Items listed in a dataset:
[Start of section]
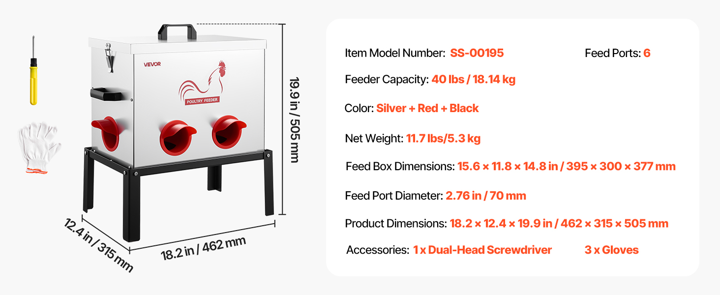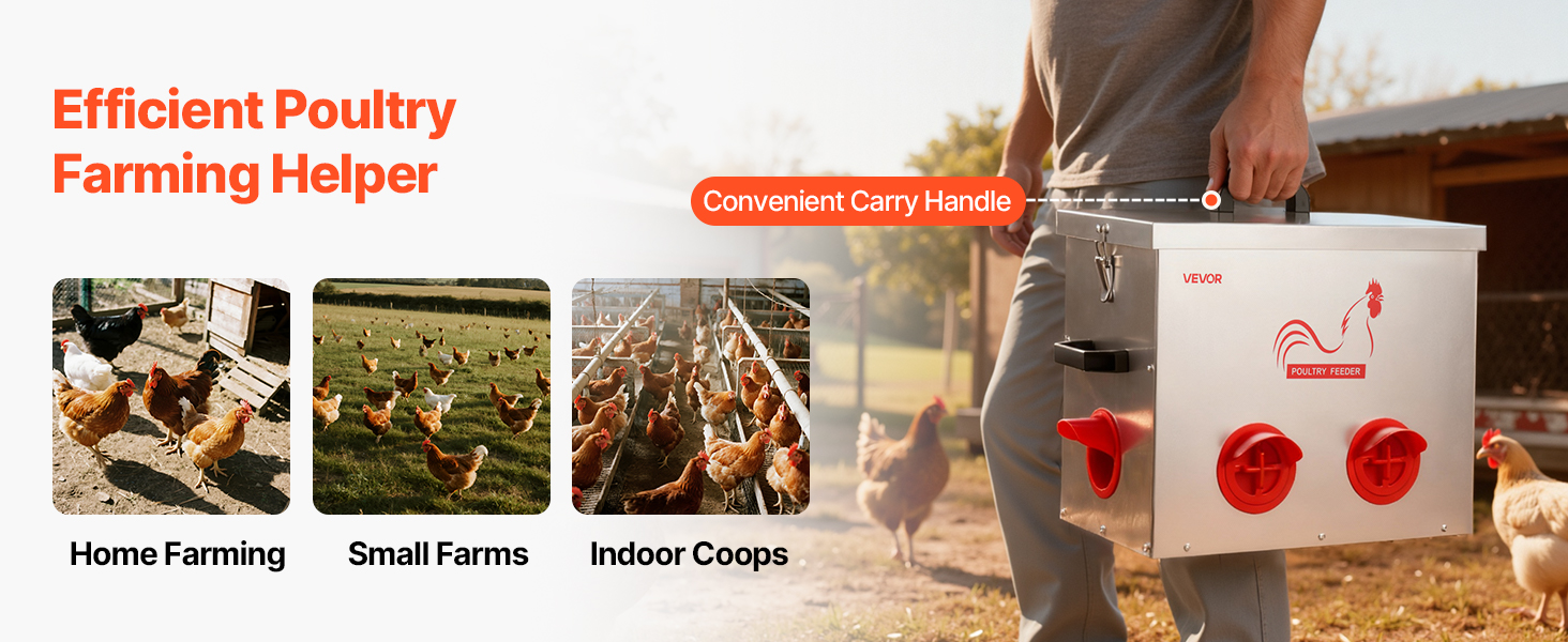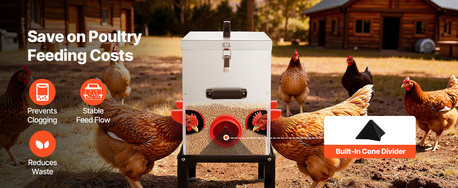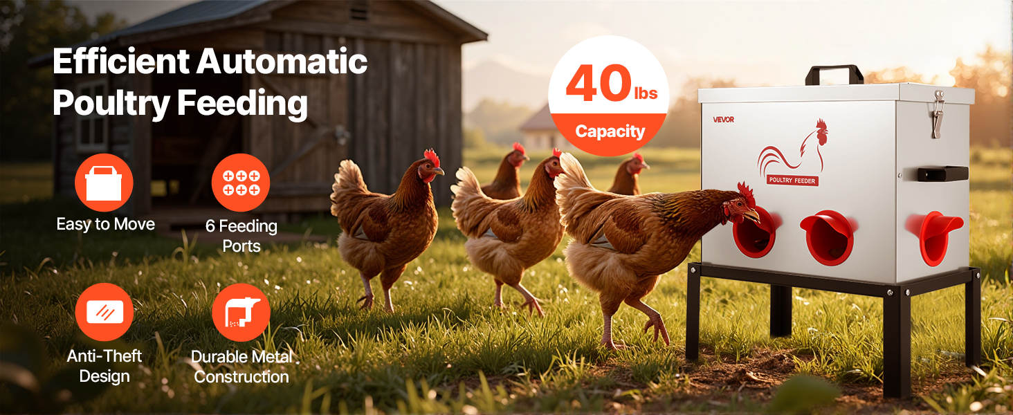 Toto kovové automatické kŕmidlo pre kurčatá s kapacitou 40 libier je vybavené šiestimi kŕmnymi otvormi, ktoré umožňujú kŕmenie viacerých kusov hydiny súčasne. Vďaka gravitačnej konštrukcii automaticky dopĺňa krmivo, čím šetrí spotrebu krmiva.
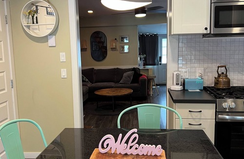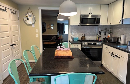 ---- Kitchen has everything you need to cook, eat, and drink with. There is an island with 5 stools, and a small table with 4 chairs near the front door. Full fridge with ice maker in the freezer. We do not provide left over containers, however plastic wrap is provided.
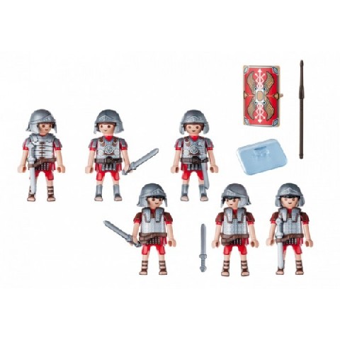 Roman troop Playmobil History "Римский солдат" Осторожно, щиты к бою! Быстро римские войска переходят в боевую позицию и ставят свои щиты перед телами и над их головами. А теперь медленно идите вперед и всегда держите щит вверху для защиты! Рекомендуемый возраст: 4 - 10 лет
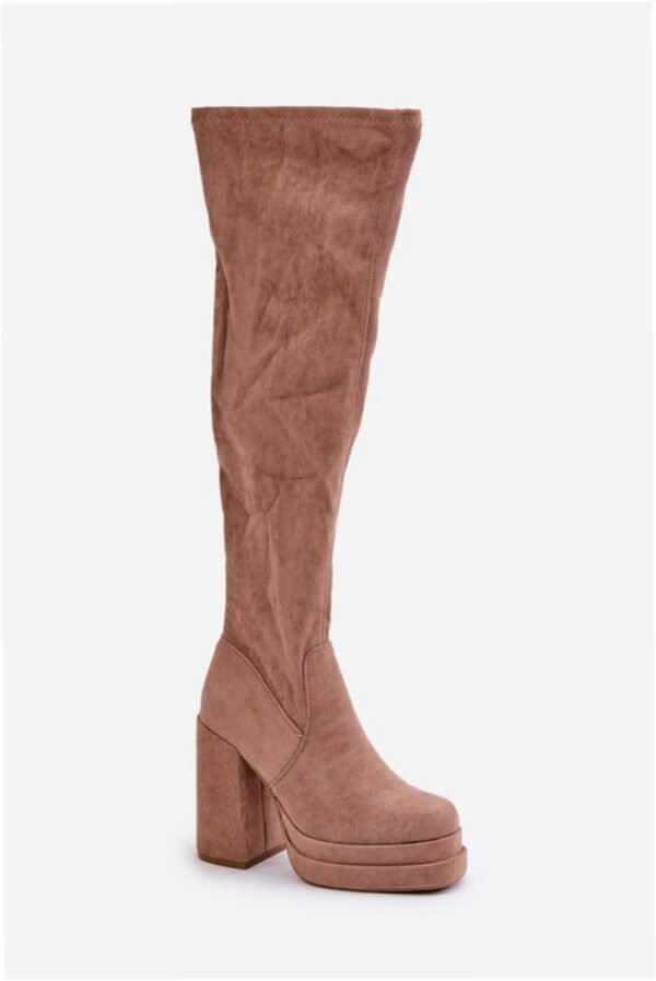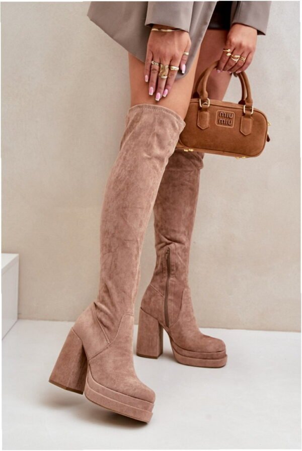 The Nadelian 8669 knee-high boots in beige offer a chic option for women seeking both comfort and elegance during the cooler months. Crafted from eco-friendly suede, these boots present a sleek silhouette that adds sophistication whilst flattering your figure. Designed with a convenient side zip for effortless wear, they feature a chunky heel paired with a platform to ensure added stability. The interior is lined solely at the foot level, making them an ideal choice for pairing with dresses or skirts. Available in sizes 36 to 41, they effortlessly combine versatility with fashion.
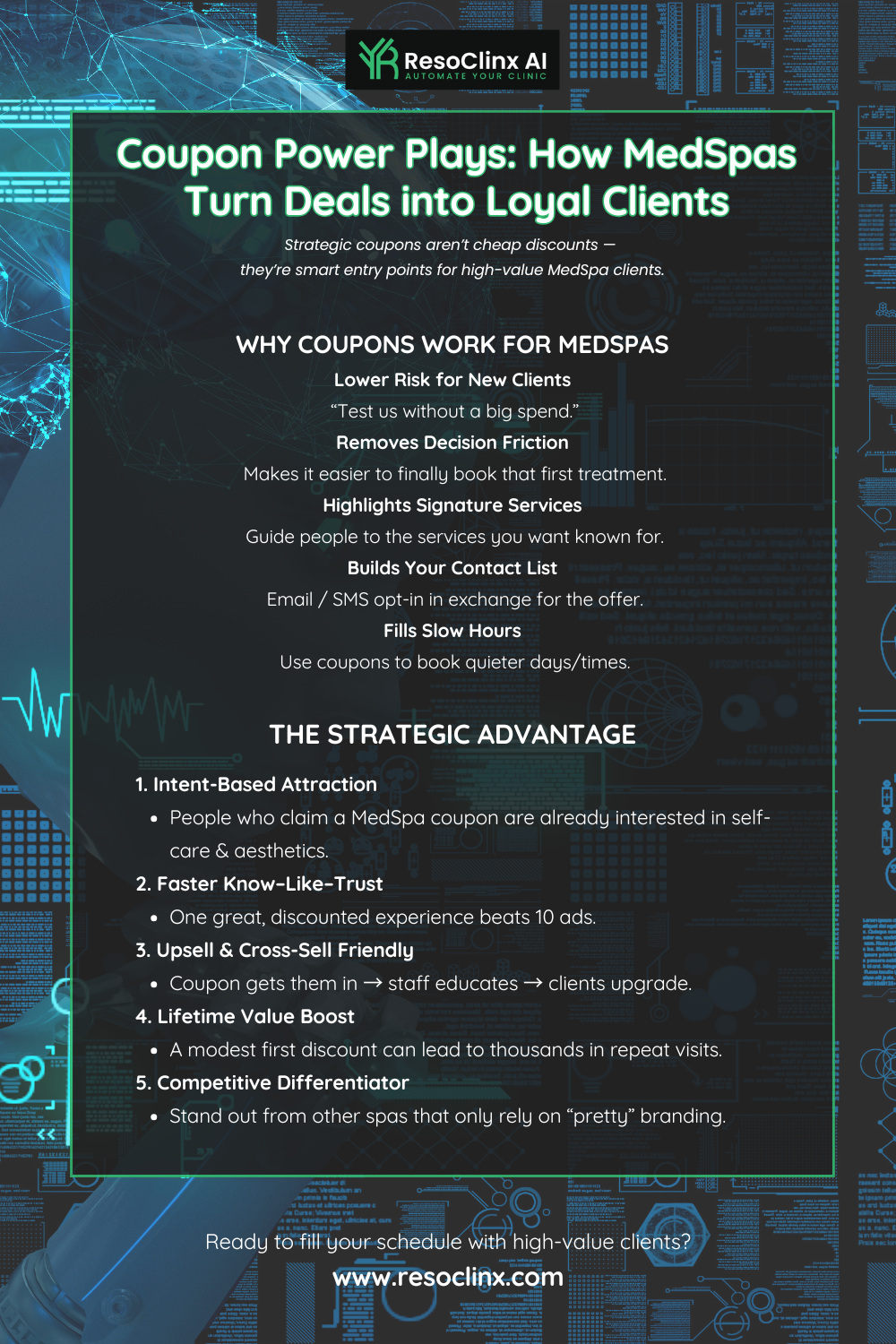 - Coupons are a proven way to attract new clients to your medspa, but they need to be planned carefully and aligned with your overall strategy.
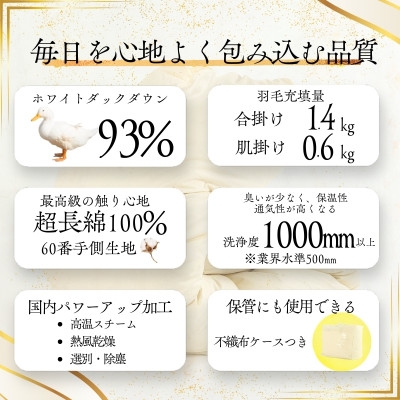 羽毛布団 2枚で1枚のタイプ オールシーズン エクセルゴールドラベル ダブルサイズ
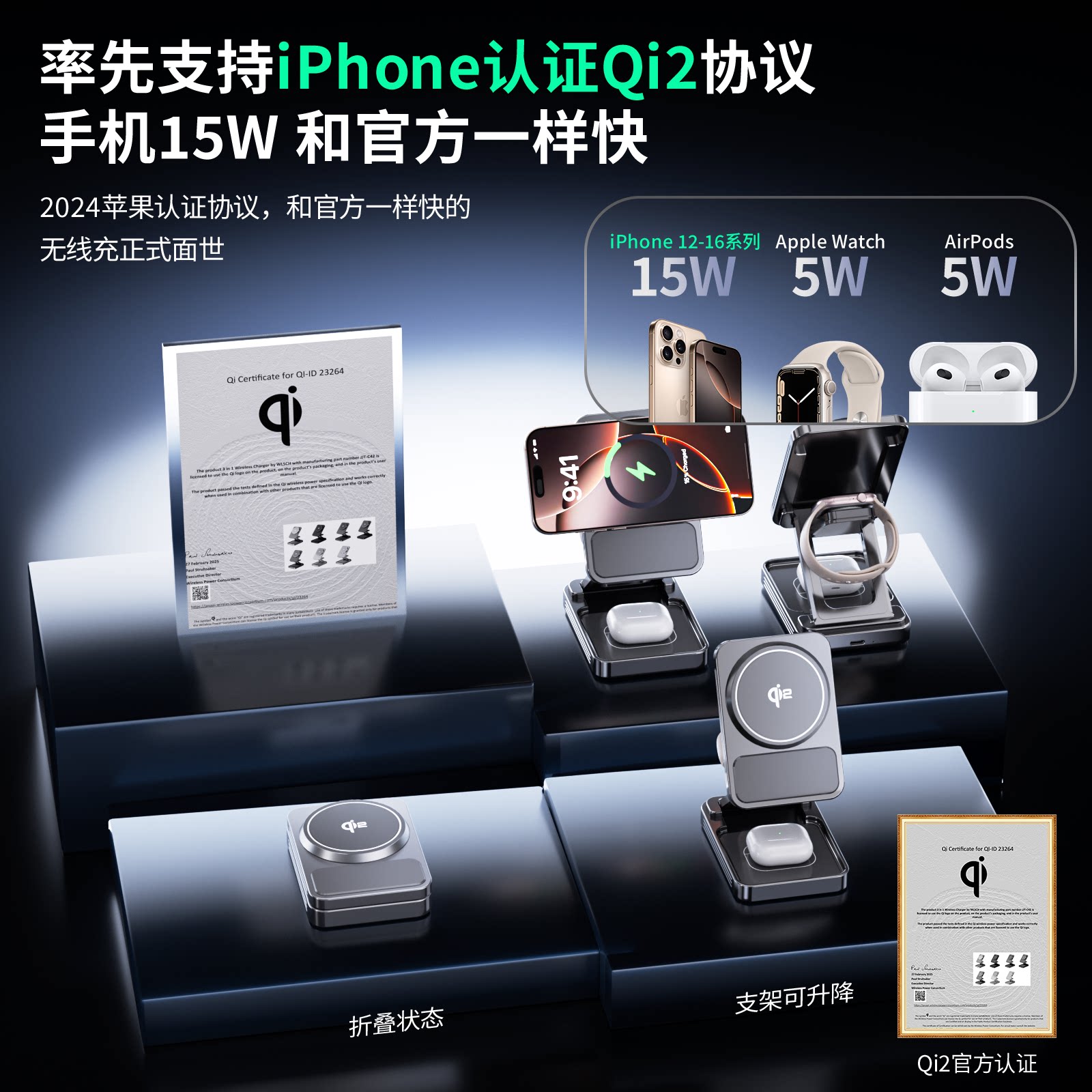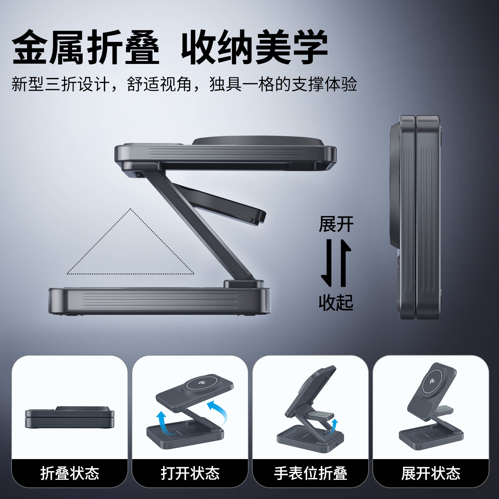 Aresh金属磁吸magsafe磁吸式三合一无线充电器适用苹果16Pro手表iWatch底座iPhone手机耳机applewatch支架
[End of section]
**HOW TO COMPLETE THIS TASK:** What do the entries above read from the line containing "Roman troop Playmobil" through the line containing "The Nadelian 8669"? Output those lines exactly, both ends included, with the pictures left out.

**TASK RESPONSE:**
 Roman troop Playmobil History "Римский солдат" Осторожно, щиты к бою! Быстро римские войска переходят в боевую позицию и ставят свои щиты перед телами и над их головами. А теперь медленно идите вперед и всегда держите щит вверху для защиты! Рекомендуемый возраст: 4 - 10 лет
 The Nadelian 8669 knee-high boots in beige offer a chic option for women seeking both comfort and elegance during the cooler months. Crafted from eco-friendly suede, these boots present a sleek silhouette that adds sophistication whilst flattering your figure. Designed with a convenient side zip for effortless wear, they feature a chunky heel paired with a platform to ensure added stability. The interior is lined solely at the foot level, making them an ideal choice for pairing with dresses or skirts. Available in sizes 36 to 41, they effortlessly combine versatility with fashion.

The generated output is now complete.